# Problem to solve:
If a line in the records below contains the word "that", copy it out.

# Data excerpts:
++++++++++++++++++++

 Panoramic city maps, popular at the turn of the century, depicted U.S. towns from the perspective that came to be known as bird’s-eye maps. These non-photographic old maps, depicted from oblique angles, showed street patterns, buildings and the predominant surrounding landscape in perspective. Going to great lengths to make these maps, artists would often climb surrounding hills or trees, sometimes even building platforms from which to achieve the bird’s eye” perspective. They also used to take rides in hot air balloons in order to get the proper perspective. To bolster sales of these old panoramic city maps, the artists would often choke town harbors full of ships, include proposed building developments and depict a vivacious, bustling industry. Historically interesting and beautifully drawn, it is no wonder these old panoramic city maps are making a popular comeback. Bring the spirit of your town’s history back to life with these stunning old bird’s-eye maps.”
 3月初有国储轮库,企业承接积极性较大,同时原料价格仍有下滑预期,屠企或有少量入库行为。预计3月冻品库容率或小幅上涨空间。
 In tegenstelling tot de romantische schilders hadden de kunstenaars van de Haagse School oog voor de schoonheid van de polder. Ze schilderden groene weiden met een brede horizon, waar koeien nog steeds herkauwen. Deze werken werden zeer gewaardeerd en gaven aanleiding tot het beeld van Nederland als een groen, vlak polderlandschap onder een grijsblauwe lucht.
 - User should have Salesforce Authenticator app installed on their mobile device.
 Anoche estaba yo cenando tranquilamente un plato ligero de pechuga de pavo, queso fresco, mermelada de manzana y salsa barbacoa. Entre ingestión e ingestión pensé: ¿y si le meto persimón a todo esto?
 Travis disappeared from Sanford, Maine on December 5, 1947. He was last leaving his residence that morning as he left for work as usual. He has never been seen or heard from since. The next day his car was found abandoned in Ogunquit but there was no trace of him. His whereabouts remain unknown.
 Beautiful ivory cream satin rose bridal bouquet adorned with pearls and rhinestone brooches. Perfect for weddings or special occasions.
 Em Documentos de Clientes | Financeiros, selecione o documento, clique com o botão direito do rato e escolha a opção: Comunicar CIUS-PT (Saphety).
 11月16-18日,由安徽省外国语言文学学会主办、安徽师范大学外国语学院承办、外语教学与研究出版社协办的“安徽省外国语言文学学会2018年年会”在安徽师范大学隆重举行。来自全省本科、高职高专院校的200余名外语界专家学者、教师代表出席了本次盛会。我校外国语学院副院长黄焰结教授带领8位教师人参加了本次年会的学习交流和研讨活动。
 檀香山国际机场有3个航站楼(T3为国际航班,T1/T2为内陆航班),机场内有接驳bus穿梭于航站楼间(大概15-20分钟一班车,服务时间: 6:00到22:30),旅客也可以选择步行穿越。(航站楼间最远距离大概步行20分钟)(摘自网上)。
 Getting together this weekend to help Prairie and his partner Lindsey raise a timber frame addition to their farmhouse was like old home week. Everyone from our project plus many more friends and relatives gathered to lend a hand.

++++++++++++++++++++

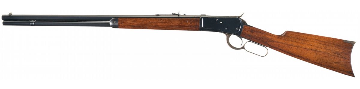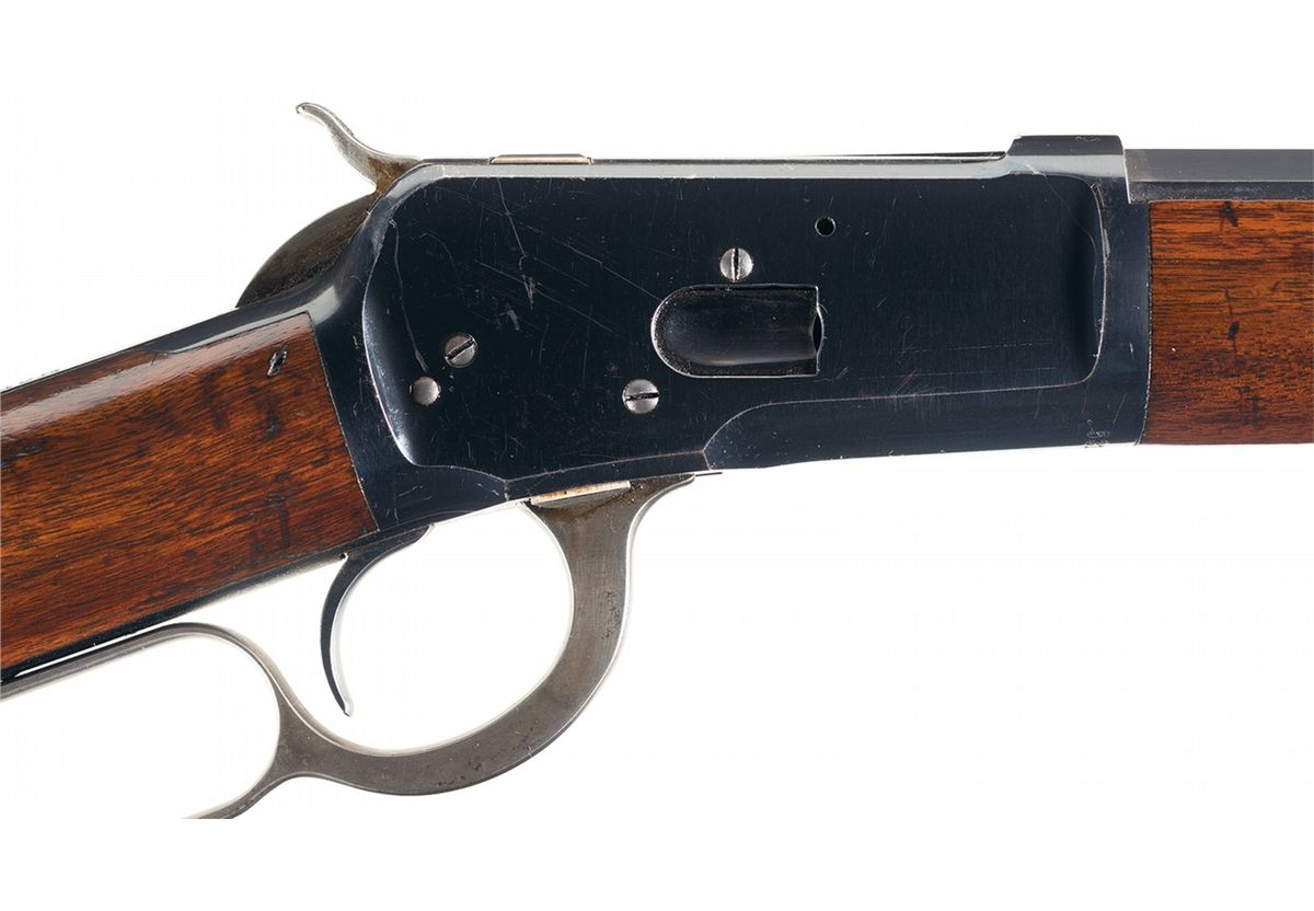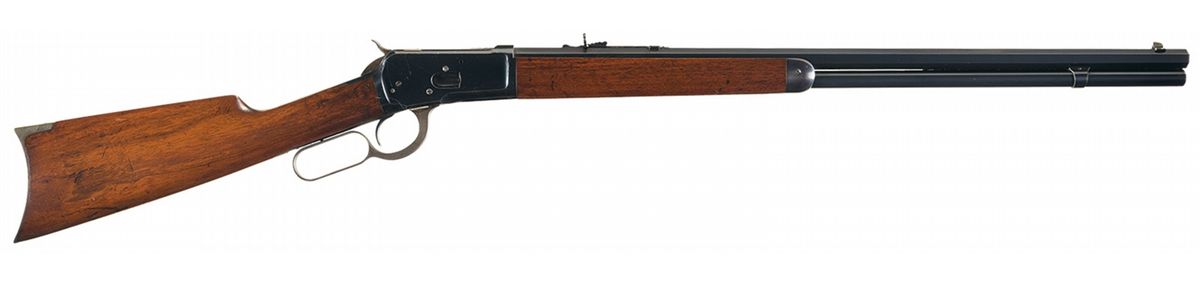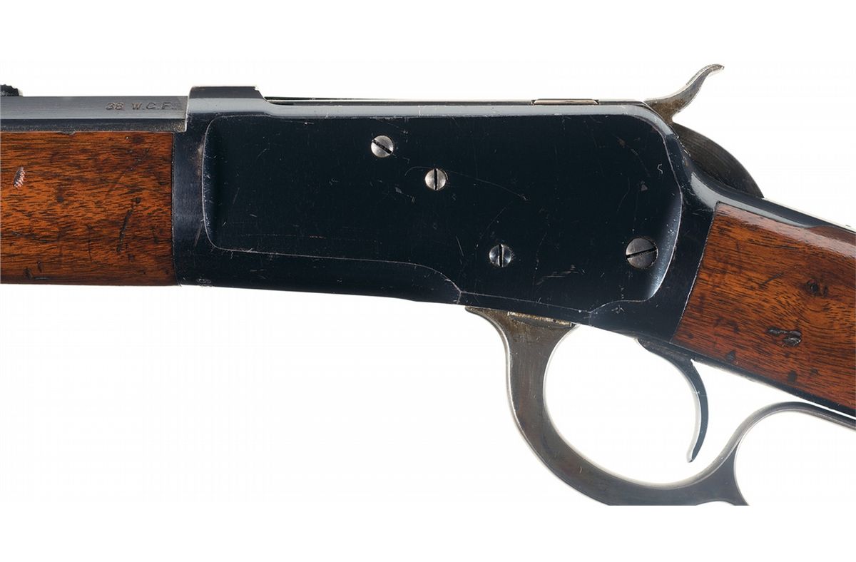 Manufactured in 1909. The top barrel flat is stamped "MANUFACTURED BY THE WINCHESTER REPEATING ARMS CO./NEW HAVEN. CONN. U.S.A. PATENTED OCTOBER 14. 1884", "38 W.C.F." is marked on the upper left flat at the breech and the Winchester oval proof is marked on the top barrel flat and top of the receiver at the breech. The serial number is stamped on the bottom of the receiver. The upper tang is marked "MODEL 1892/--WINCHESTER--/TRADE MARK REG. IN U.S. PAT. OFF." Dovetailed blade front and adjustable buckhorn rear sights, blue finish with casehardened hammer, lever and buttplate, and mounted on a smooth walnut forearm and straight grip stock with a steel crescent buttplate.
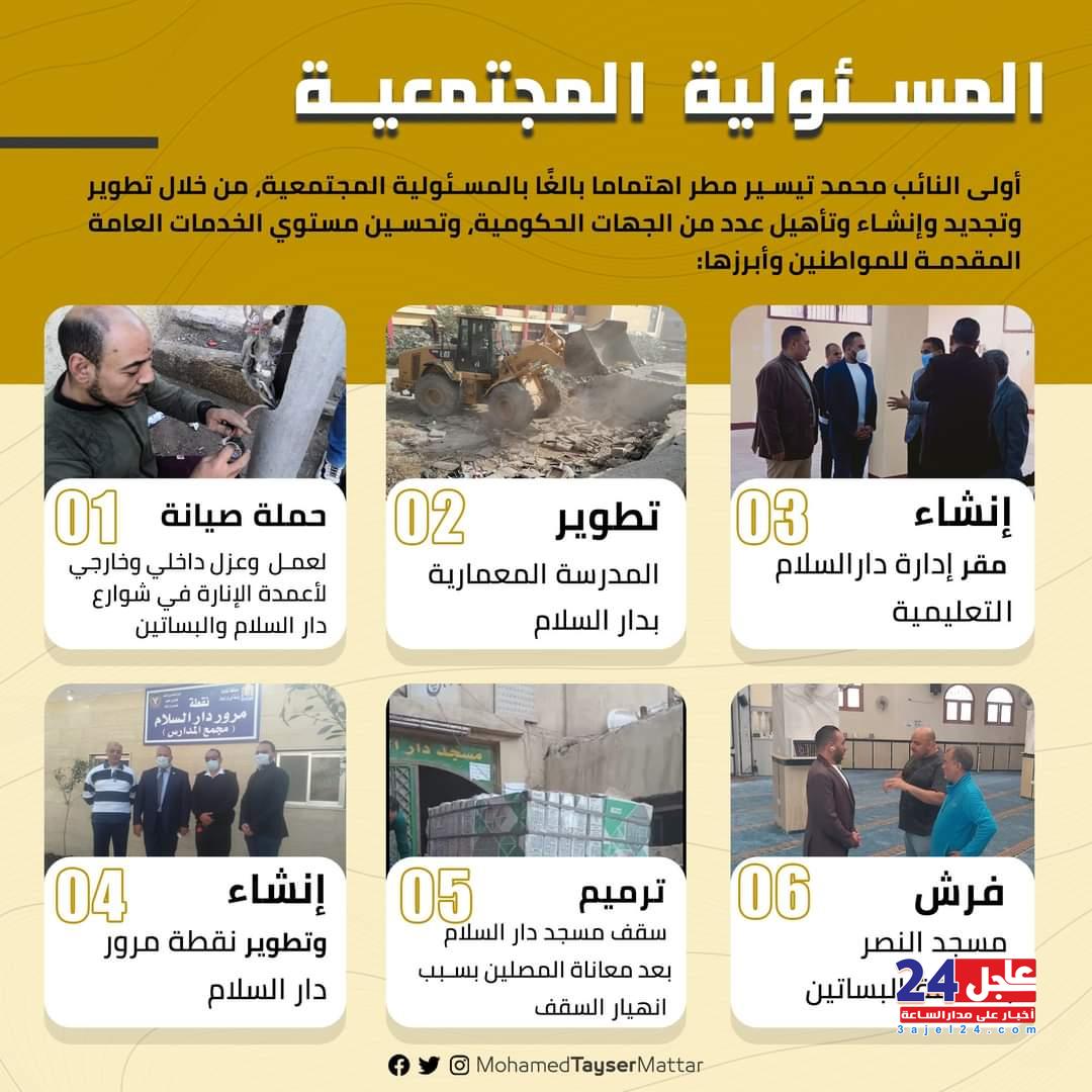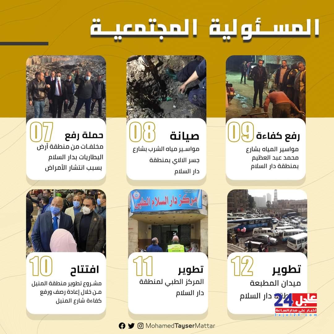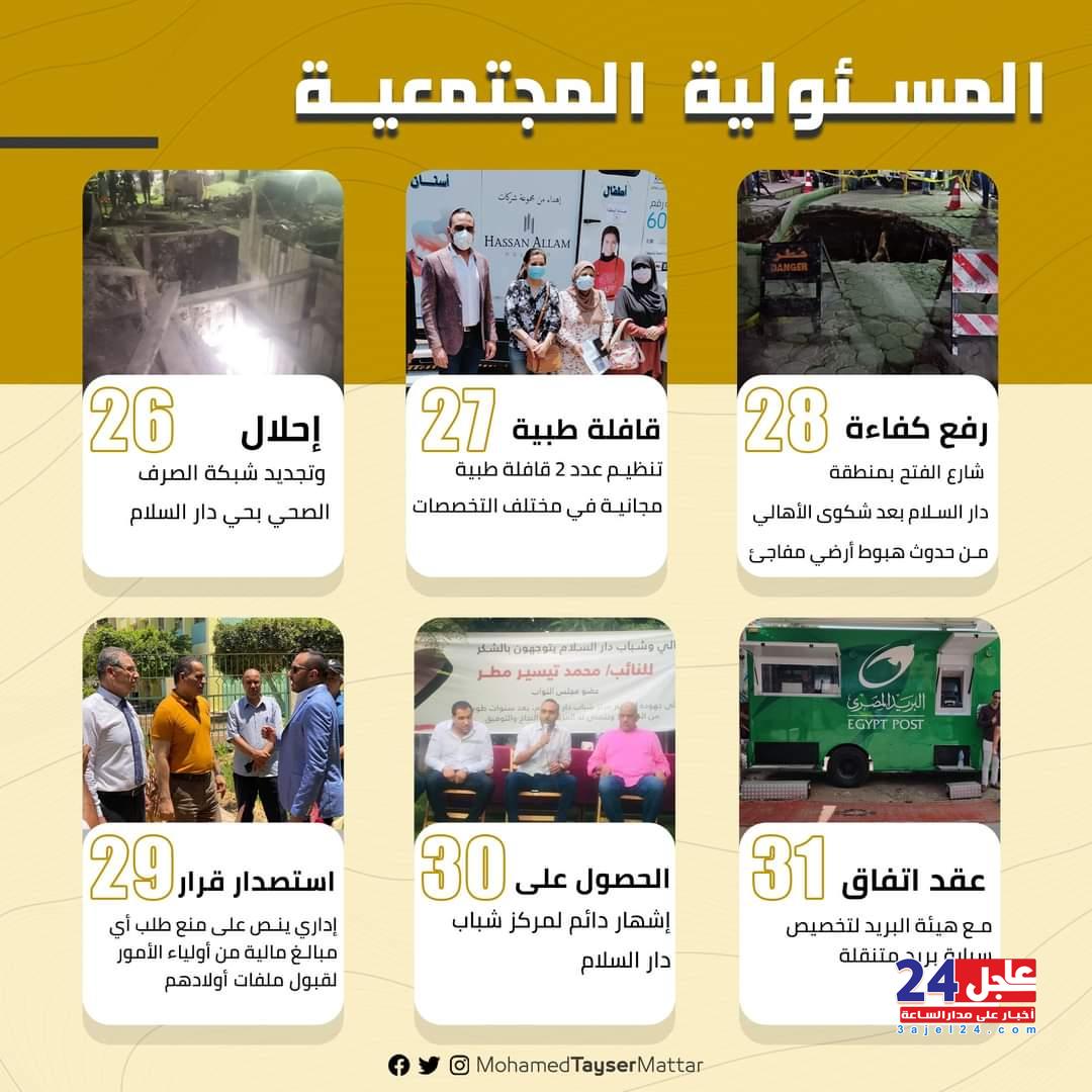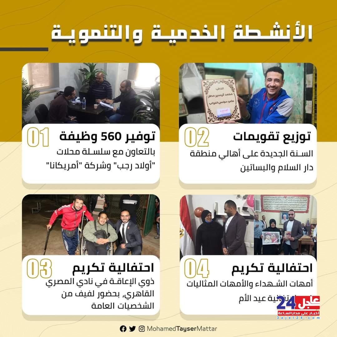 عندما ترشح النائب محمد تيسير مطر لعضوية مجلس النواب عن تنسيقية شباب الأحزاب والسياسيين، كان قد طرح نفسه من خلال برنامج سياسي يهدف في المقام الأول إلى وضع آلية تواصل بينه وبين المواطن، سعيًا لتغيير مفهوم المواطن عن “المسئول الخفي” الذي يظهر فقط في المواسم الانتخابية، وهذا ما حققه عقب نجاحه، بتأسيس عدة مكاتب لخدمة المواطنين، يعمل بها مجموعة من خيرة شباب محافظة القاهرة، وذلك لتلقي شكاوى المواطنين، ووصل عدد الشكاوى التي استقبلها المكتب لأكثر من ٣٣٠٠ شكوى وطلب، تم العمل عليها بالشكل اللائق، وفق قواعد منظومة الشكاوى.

++++++++++++++++++++

# Exercise result:
 Panoramic city maps, popular at the turn of the century, depicted U.S. towns from the perspective that came to be known as bird’s-eye maps. These non-photographic old maps, depicted from oblique angles, showed street patterns, buildings and the predominant surrounding landscape in perspective. Going to great lengths to make these maps, artists would often climb surrounding hills or trees, sometimes even building platforms from which to achieve the bird’s eye” perspective. They also used to take rides in hot air balloons in order to get the proper perspective. To bolster sales of these old panoramic city maps, the artists would often choke town harbors full of ships, include proposed building developments and depict a vivacious, bustling industry. Historically interesting and beautifully drawn, it is no wonder these old panoramic city maps are making a popular comeback. Bring the spirit of your town’s history back to life with these stunning old bird’s-eye maps.”
 Travis disappeared from Sanford, Maine on December 5, 1947. He was last leaving his residence that morning as he left for work as usual. He has never been seen or heard from since. The next day his car was found abandoned in Ogunquit but there was no trace of him. His whereabouts remain unknown.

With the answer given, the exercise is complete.